>>>>

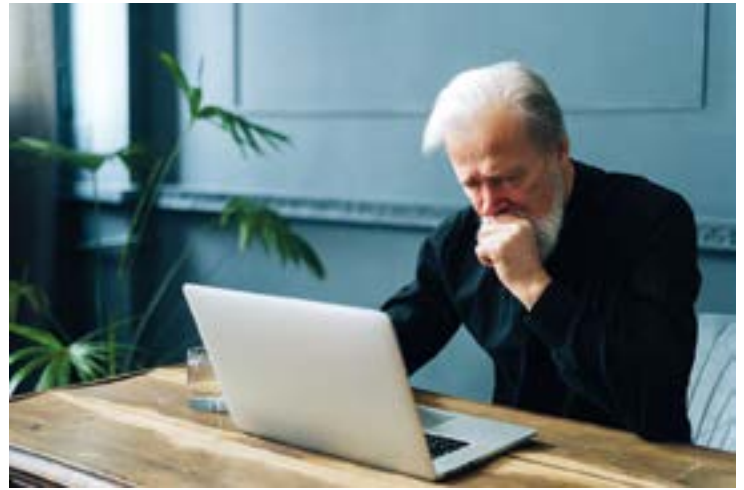
Nicht nur ältere Menschen sind für Online-Dienste unzureichend an Endgeräten ausgestattet oder fühlen sich dafür nicht fit genug.

Ältere Menschen nutzen digitale Möglichkeiten oft nicht, weil sie nicht über die entsprechenden Kompetenzen verfügen. Die BAGSO
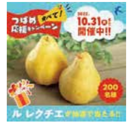
↑ 遠藤孝商店 様 SNS広告
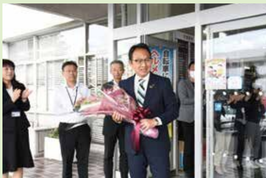
▲10月21日(火)に市役所で、登庁のお出迎えと 当選証書付与式を行いました。

令和3年10月に「玉野、再始動。」を掲げて市長に就任して以来、子育て支援や教育の充実、健康で元気に暮らせるまちづくりなどに取り組み、玉野市が安心して住み続けられるまちになるよう、市政運営に力を尽くしてまいりました。
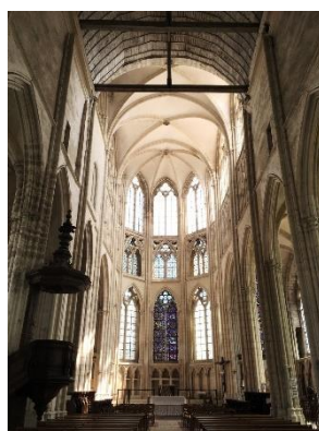
Église St-Sulpice à St-Sulpice de Favières
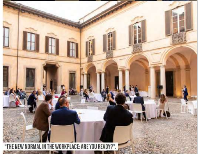
"THE NEW NORMAL IN THE WORKPLACE: ARE YOU READY?".
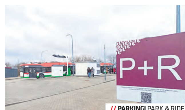
// PARKINGI PARK & RIDE

przy I Liceum Ogólnokształcącym im. S. Staszica, a także przebudowę pomieszczeń w VII LO pod funkcję przedszkolną.
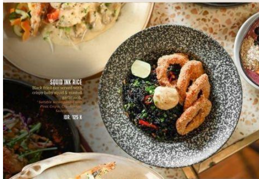
SQUID INK RICE Black fried rice served with crispy baby squid & sunny side-up egg. Available accompanied with Pineapple, Chicken, Beef, or Kakihon. IDR. 125 K
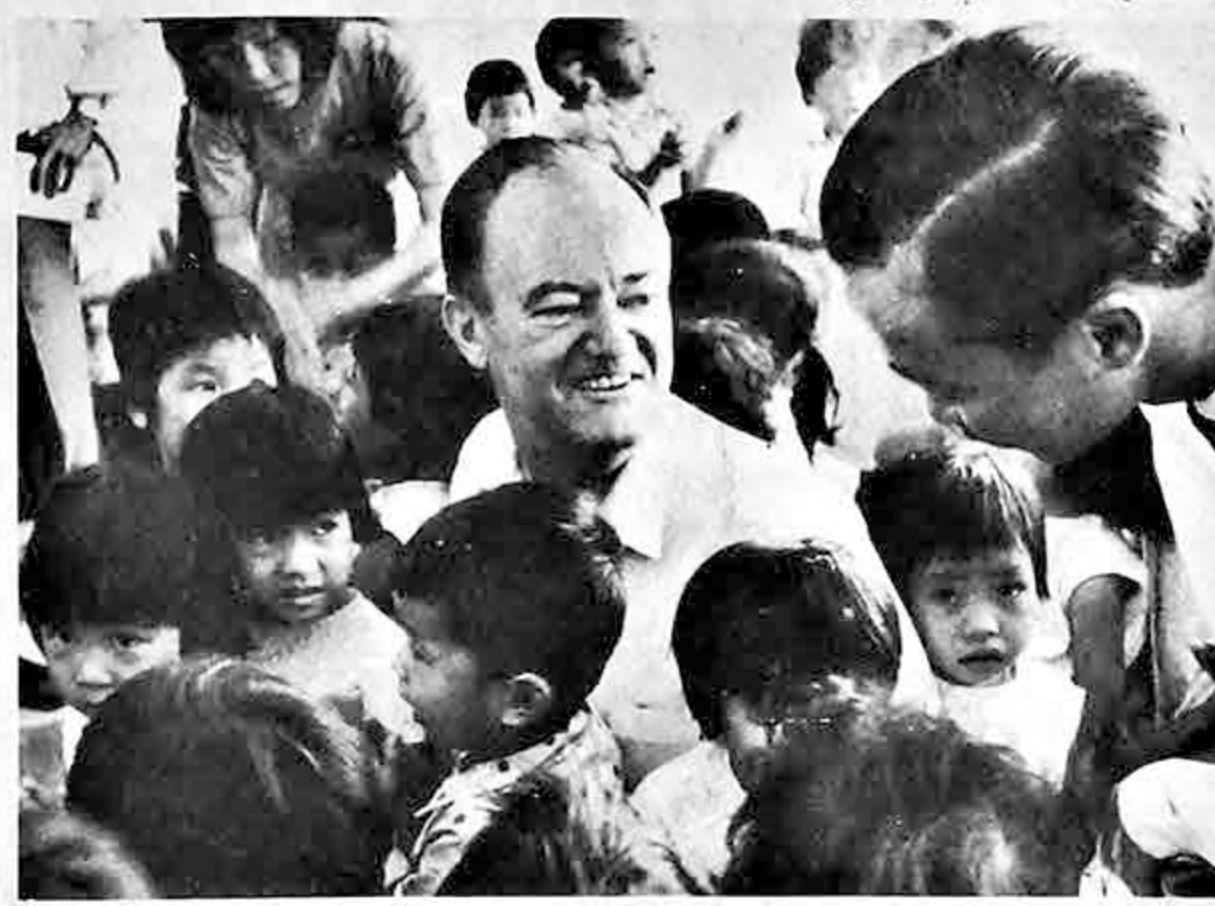
El Vice Presidente de los EE.UU., Hubert Humphrey conversa con Nguyen Cao Ky, Premier de Viet Nam mientras los rodean unos niños durante una visita a un kindergarten en Phyl Hoa, a unas cuantas millas de Saigón. Los gobernantes realizaban una visita de cuatro horas a diversos proyectos de índole económica y social

partido con diferentes corrientes de opinión, y dice: "La gran contribución de Betancourt es que ha demostrado que el personalismo no es la cuestión clave en la transformación política latinoamericana. Paz demostró también muy bien los peligros de basar un movimiento revolucionario en un solo hombre".

<<<<

» What is expected: Tally the lines of the material above that include the string "nicht", then give only the tally.

» Solution for this task: 2